The Energy Identification Code or EIC is a 16-character identifier (code) used in Europe to uniquely identify market participants and energy resources (entities and objects) related to the electricity and gas sector.

EIC codes are used for:
 Transmission System Operators, Market Participants such as traders, producers, consumers, power exchanges, grid operators, suppliers, agents, service providers, etc.
 Local grids where metering points are situated, Market Balance Areas consisting of several local grids, Control Areas, Bidding Zones, etc. 
 The physical lines that connect adjacent market (balance) areas or internal lines within an area, including Transmission lines.
 Metering points
 Physical or logical places where an identified object or the IT system of an identified object is or could be located. 
 Any object that generates or consumes energy, including Substations, Generation units and Power plants.

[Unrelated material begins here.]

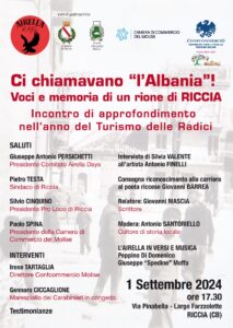 ribadisce il suo impegno per costruire insieme gli attori locali e istituzionali una proposta strutturata per un settore strategico per il turismo nella nostra regione, patrocinando l’incontro di approfondimento in programma a Riccia il 1 settembre prossimo, dal titolo “Ci chiamavano l’Albania! Voci e memorie di un rione di Riccia”. Lo dichiara il presidente regionale Angelo Angiolilli.

The EIC codes are used — among others — in platforms that support EU regulations on transparency and integrity:
 ENTSO-E Transparency Platform for electricity
 ENTSO-G Transparency Platform for gas
 ARIS platform

Actors involved in the EIC coding scheme
The scheme is supported by a central issuing office (CIO), function exercised by ENTSO-E for both the electricity and the gas sectors) and ENTSO-E-authorised local issuing offices (LIOs) in Europe.

On 2021-12-16, IANA registered the urn:eic URN namespace, so now EIC can be used in making semantic triples of Common Information Model (electricity) data or other energy Linked Open Data.